The sailcats are pretty good, just make sure to get the bloodlines out of the fillets. Be careful they are the slimiest fish I have ever caught. I think they are very much like a channel cat from freshwater. The hardhead cats are no good at all. Just through them back.


----------



## Dustin Pate (Jun 20, 2008)

Like fatback said I have heard sail cats are fairly good but I haven't eaten any personally. Hardheads are just a pain all around.


----------



## flintlock58 (Jun 20, 2008)

sails like in the pics are great hardheads no good


----------



## Mako22 (Jun 20, 2008)

fatback said:


> The sailcats are pretty good, just make sure to get the bloodlines out of the fillets. Be careful they are the slimiest fish I have ever caught. I think they are very much like a channel cat from freshwater. The hardhead cats are no good at all. Just through them back.



Yep, listen to this guy he knows what he is talking about; Gaff Tail Sail Cat = good eating, hard head cat = no good eating.


----------



## Redbow (Jun 21, 2008)

The wife and I caught some nice ones around Georgetown SC a few years ago. They were very hard to clean and not worth the effort when we cooked them! 

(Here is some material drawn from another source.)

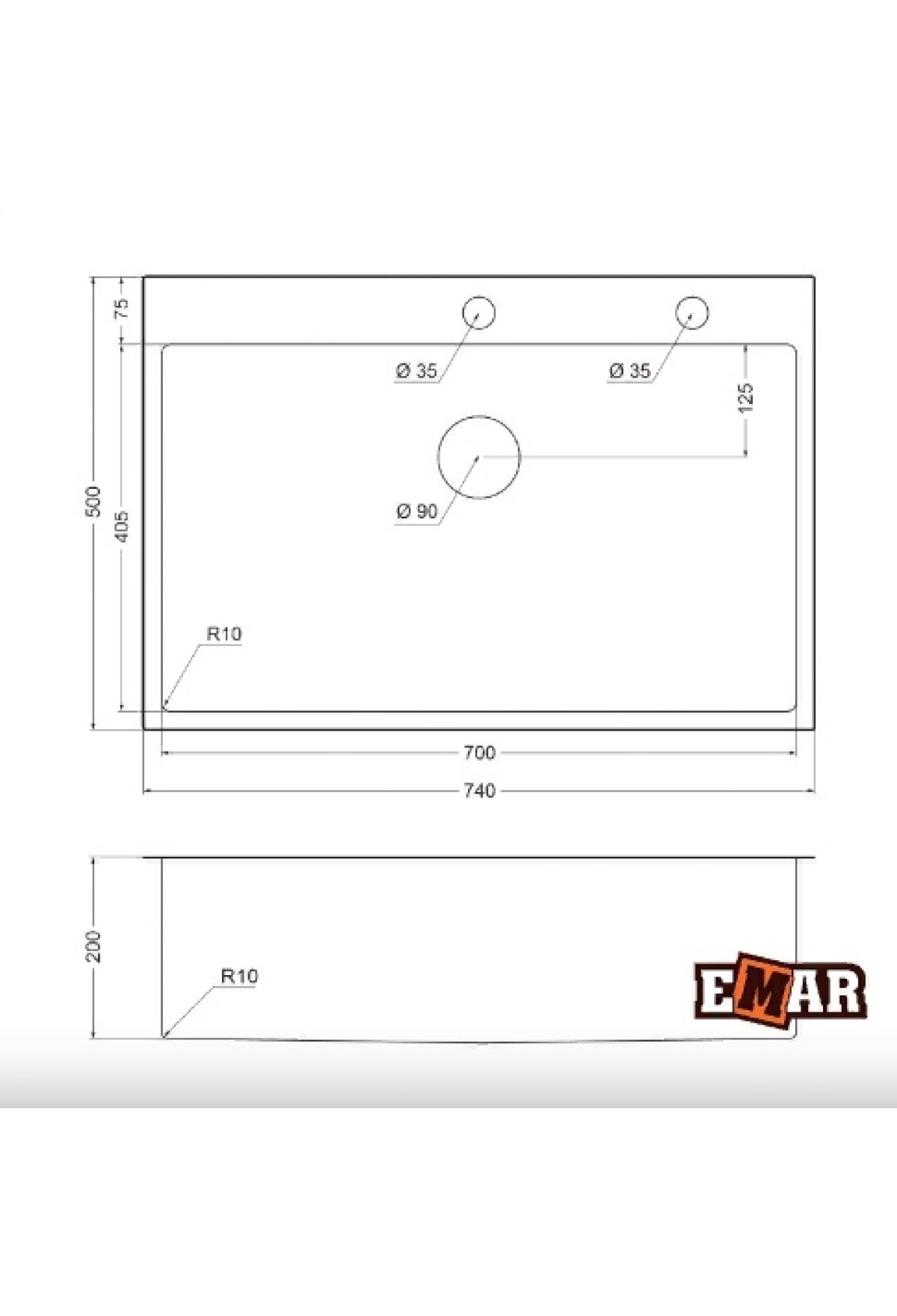 Дизайнерская мойка имеет размеры 740 x 500 мм и R5 радиус закругления с внешней стороны. Внутренние углы с R10 радиусом закругления.
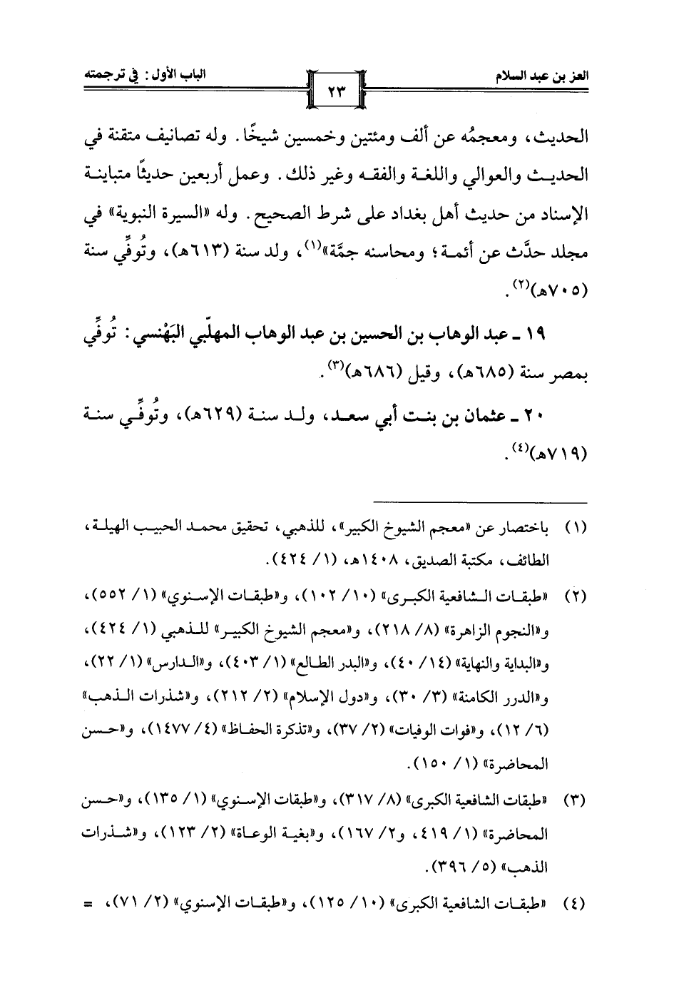 (¬1) باختصار عن "معجم الشيوخ الكبير"، للذهبي، تحقيق محمد الحبيب الهيلة، الطائف، مكتبة الصديق، 1408 هـ، (1/ 424).

Up Winyah bay a few miles the river used to be full of Blue Catfish and they were excellent table fare!! Haven't fished there in years now, but I do miss it!!


----------



## crackerdave (Jun 21, 2008)

I agree with the others - sailcats are OK,but why bother when there's so many other fish in the sea?


----------



## deerbuster (Jun 22, 2008)

I don't if they are good to eat...but they sure do put up a fight!


----------



## hunting clouds (Jun 22, 2008)

never ate one but don't mess with there stigers swung one into my foot one time


----------



## crackerdave (Jun 23, 2008)

When I was a kid,my uncle and I were fishing on the Jacksonville Beach pier.He hooked a catfish,and on the way up,it got snagged on the piling and he gave it a hard jerk.It came loose,and there was just enough line out to let the catfish impale itself between his [my uncle's] shoulder blades.
I learned some new cusswords,and what NOT to do when you hang up on the pilings!


----------



## WarrenCo (Jun 23, 2008)

no, I wont eat them.


----------



## kudzoo (Jul 2, 2008)

I asked a local bout this last year, He told me not to waste my time.


----------



## diamondback (Jul 2, 2008)

Sailcats like pic are ok to eat ,but when you clean em they are all head and not much meat.You might could try to lick the slime off,supposed to be the equivalent of shrooms.I think I would have to be high to even try that snot.Hard head cats are not any good,but I guess it all according how hungry you are.


----------



## daisyduke (Jul 3, 2008)

i hate catchin sail cats. you think you have somethin good on your pole but when you reel it in you wished it was somethin else


----------



## Nugefan (Jul 3, 2008)

don't throw em back ...

use em as cut bait ...

I hate them rascals ..... once you catch 1 it's best to move a little ways off and start fishin' again...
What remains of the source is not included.